[Material for this task — start]

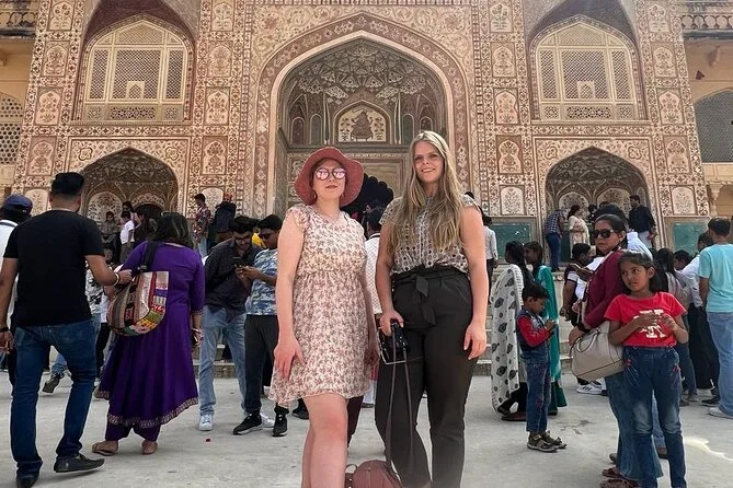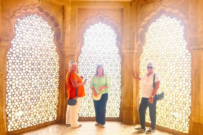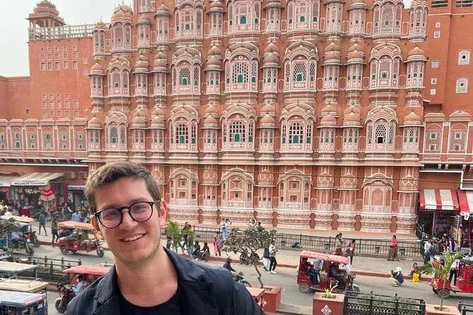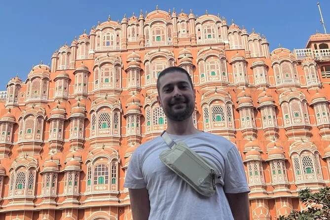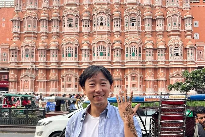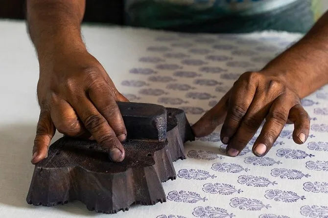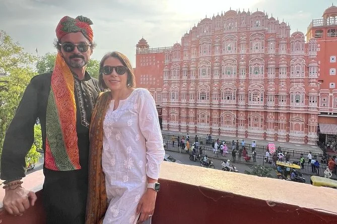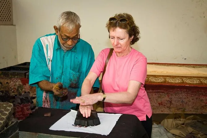 Seu dia inclui transporte privativo do hotel ou qualquer ponto em Jaipur em veículo com ar-condicionado, com motorista e guia que falam inglês; água mineral durante todo o passeio; chá masala ou preto ou café no Wind View Cafe; visitas aos principais pontos como Hawa Mahal (externo), Jantar Mantar, City Palace, Jal Mahal; além de uma oficina prática de estamparia manual antes do retorno para onde você preferir na cidade.
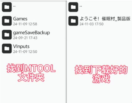 2、在MT文件管理器内找到MTOOL的文件夹以及下载好的游戏。
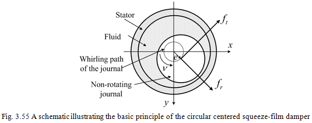 For circular centered journal (i.e., the outer ring in rolling bearings or the bush in fluid-film bearings) motions (Fig. 3.55) of the amplitude, e, and whirl frequency, ν, in a perfectly cylindrical bearing, a damper produces a constant fluid force in a reference frame rotating with angular frequency of, ν. The radial and tangential components of the fluid force are equal to
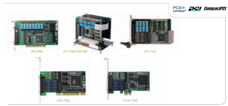 ■ PCI-7250 8通道繼電器輸出和8通道隔離數字輸入卡 (促銷時間:4.1-6.30) ■ PCI-7251 8通道繼電器輸出和8通道隔離數字輸入擴展卡, 適用于PCI-7250 ■ LPCI-7250 8通道繼電器輸出和8通道隔離數字輸入緊湊型PCI卡 ■ LPCIe-7250 8通道繼電器輸出和8通道隔離數字輸入緊湊型PCI Express卡 ■ cPCI-7252 8通道繼電器輸出和16通道隔離數字輸入模塊
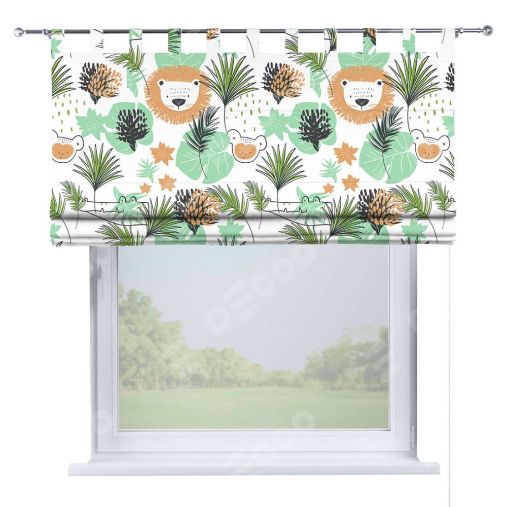 Римская штора производителя «Cortin», используется для проёма, пошита из ткани блэкаут с нанесением сублимационной печати «Животные из джунглей». Данная модель пошита на петлях, комплектуется на выбор круглым карнизом и подходит для монтажа на стену. Римская штора на петлях имеет простую систему регулировки высоты, отличительным преимуществом данной модели является простой способ монтажа. Достаточно повесить ее на трубу и штора готова!
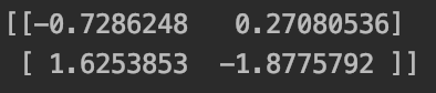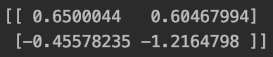 결과 값을 보면 -2부터 2까지의 숫자 중, 랜덤 값으로 (2,2) 행렬에 값이 채워진것을 확인할 수 있습니다.
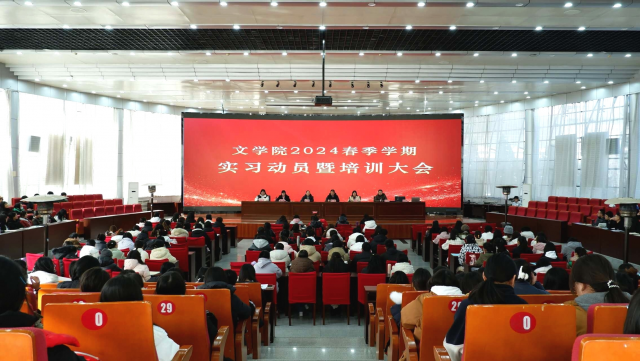 2月29日下午,文学院2024年春季学期实习动员暨培训大会在慎思楼报告厅线上线下同步进行,邀请北京师范大学大同附中党总支书记、山西省中小学教学名师姚建华做专题培训,学院院长张忠堂、院党委副书记张英芳、副院长关秀丽、汉语言文学系主任李润民、毕业实习带队教师、辅导员以及全体2024届实习生参加会议。
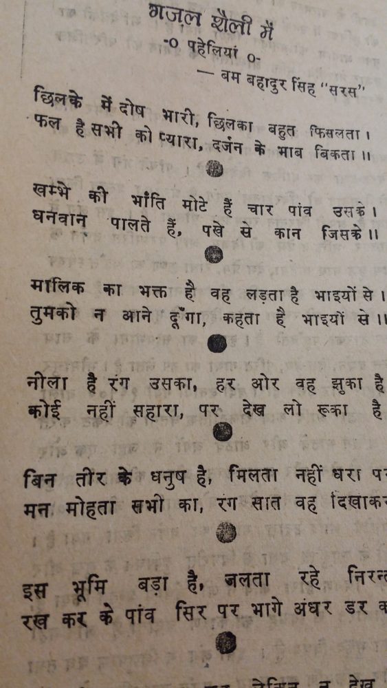 – [ स्व.] बम बहादुर सिंह ‘ सरस ‘
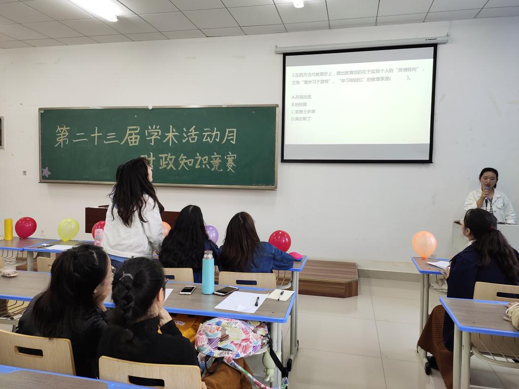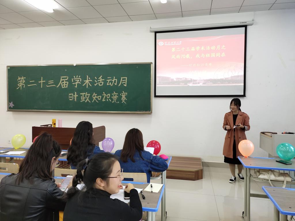 第二十三届学术活动月之时政知识竞赛在汇贤楼X106教室顺利举行。2018级学硕班研究生及2019级全体研究生共同参与本次活动。活动由孙婷婷主持。
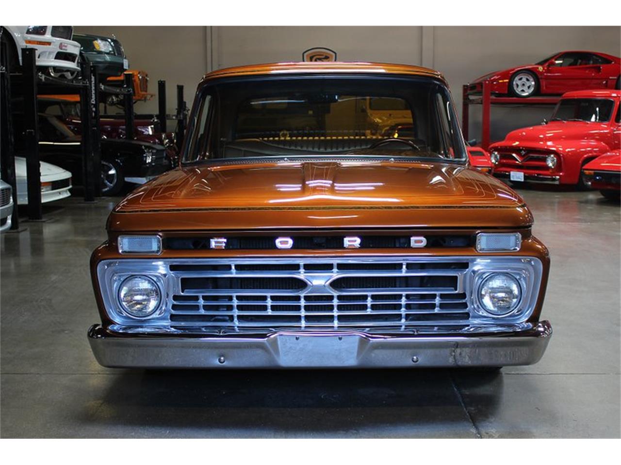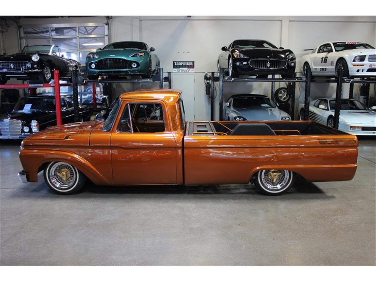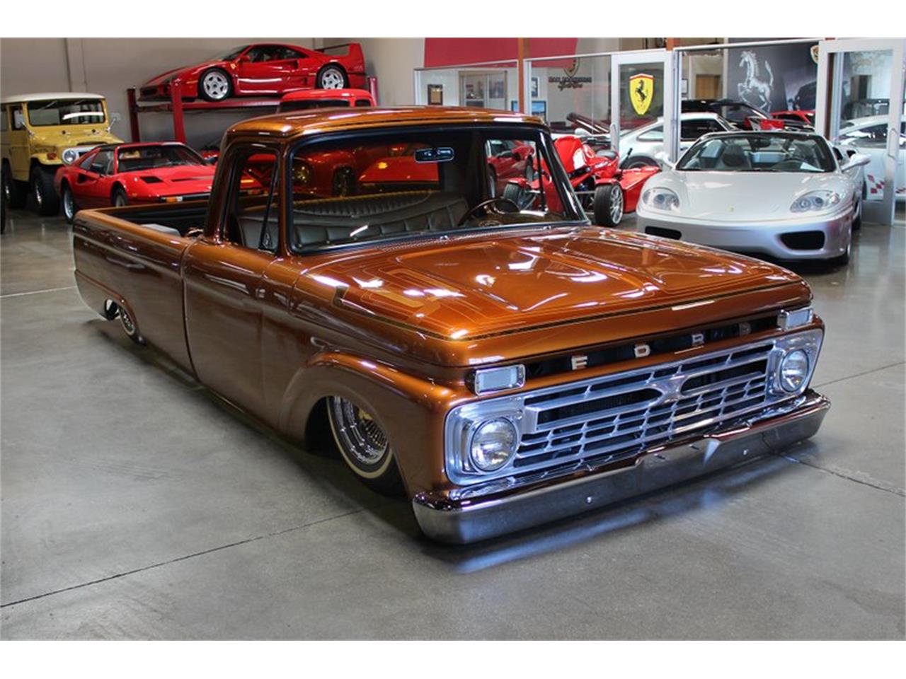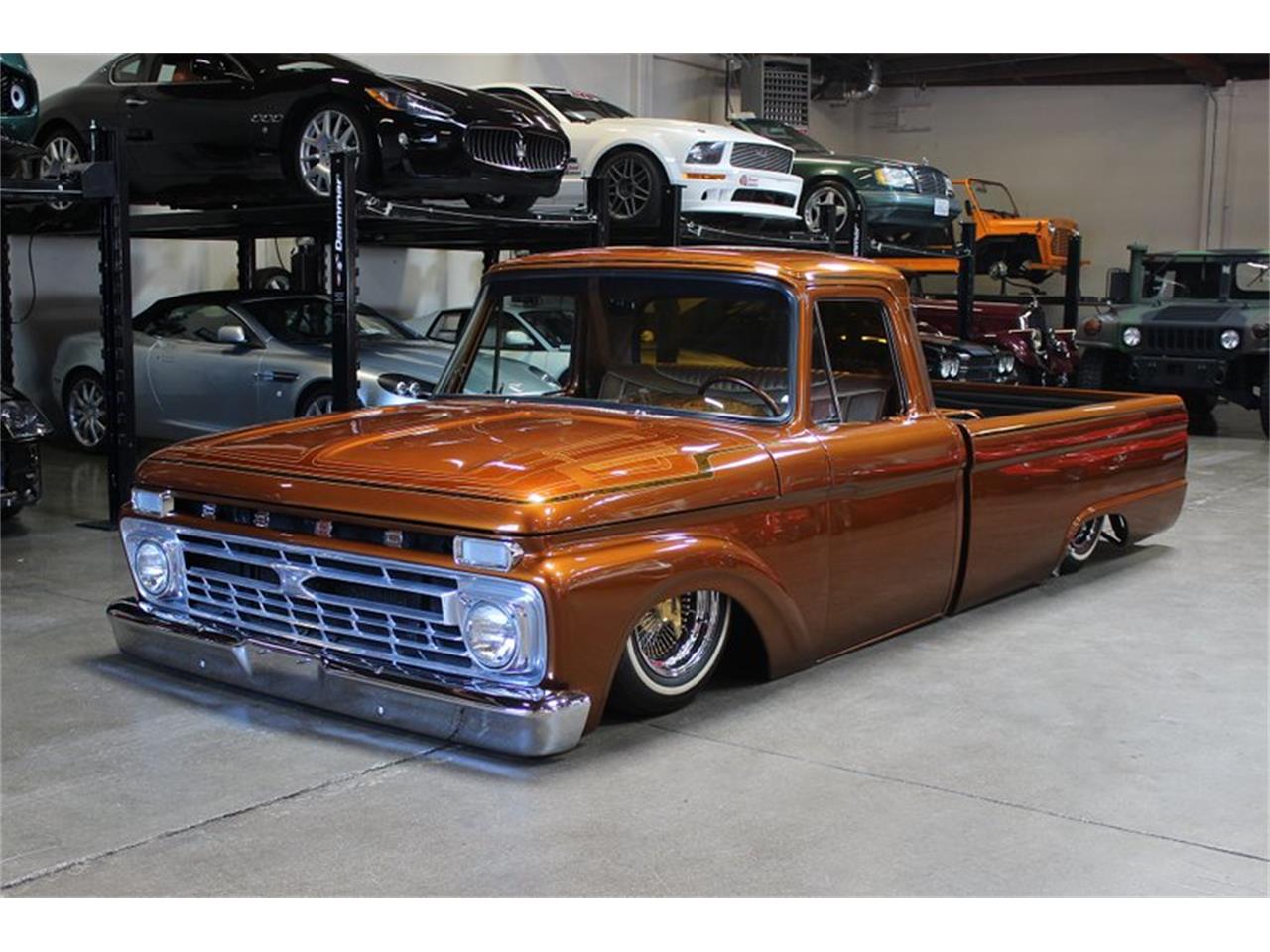 1965 Ford F-250 Custom Build Pickup Truck, Golden -Brown exterior w/Tan interior. 7,040 miles on odometer. PAINT & BODY WORK: House of Kolor Kandy Copper pain with custom airbrushing -Filled enclosure behind the cab. Shaved door handles, mirrors and antenna -Shaved frip rail with new molded peak. Wheel enhancement polished and chromed, OEM grill, tail lamp and turn signal doors. DRIVETRAIN: Chevy 350 cid V8 Edelbrock cam, head, intake and carburetor Patriot headers. Turbo 350 transmission modified with B&M shift kit -Ty Snyder Welding 2 piece drive shaft. Fishtail exhaust pipes -Speedway stainless steering column with quick disconnect. RCI 20 gallon aluminum fuel cell mounted in the bed. CHASSIS & FABRICATION: Firestone airbags Fully painted frame Custom-trussed links for max lift and smoother ride. 1976 Camaro sub-frame clip. 2" Superior drop spindles. 15 x 8" chrome Dayton wire wheels.
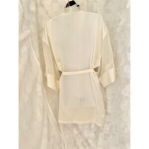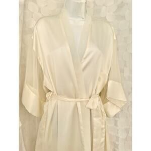 Vintage 80's Victorias Secret Ivory Satin Kimono Robe Sheer accents one size
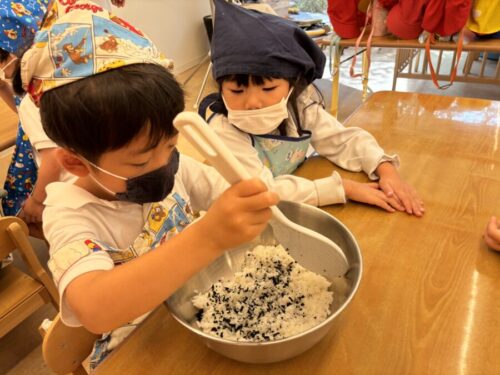 わかめおにぎりチームと塩おにぎりチームに分かれてつくりました!

[Material for this task — finish]

Goal of the exercise -
Every line from the top of the material above through the line with "2、在MT文件管理器内找到MTOOL的文件夹以及下载好的游戏。" should be duplicated exactly, please; leave out the pictures.

Exercise response -
 Seu dia inclui transporte privativo do hotel ou qualquer ponto em Jaipur em veículo com ar-condicionado, com motorista e guia que falam inglês; água mineral durante todo o passeio; chá masala ou preto ou café no Wind View Cafe; visitas aos principais pontos como Hawa Mahal (externo), Jantar Mantar, City Palace, Jal Mahal; além de uma oficina prática de estamparia manual antes do retorno para onde você preferir na cidade.
 2、在MT文件管理器内找到MTOOL的文件夹以及下载好的游戏。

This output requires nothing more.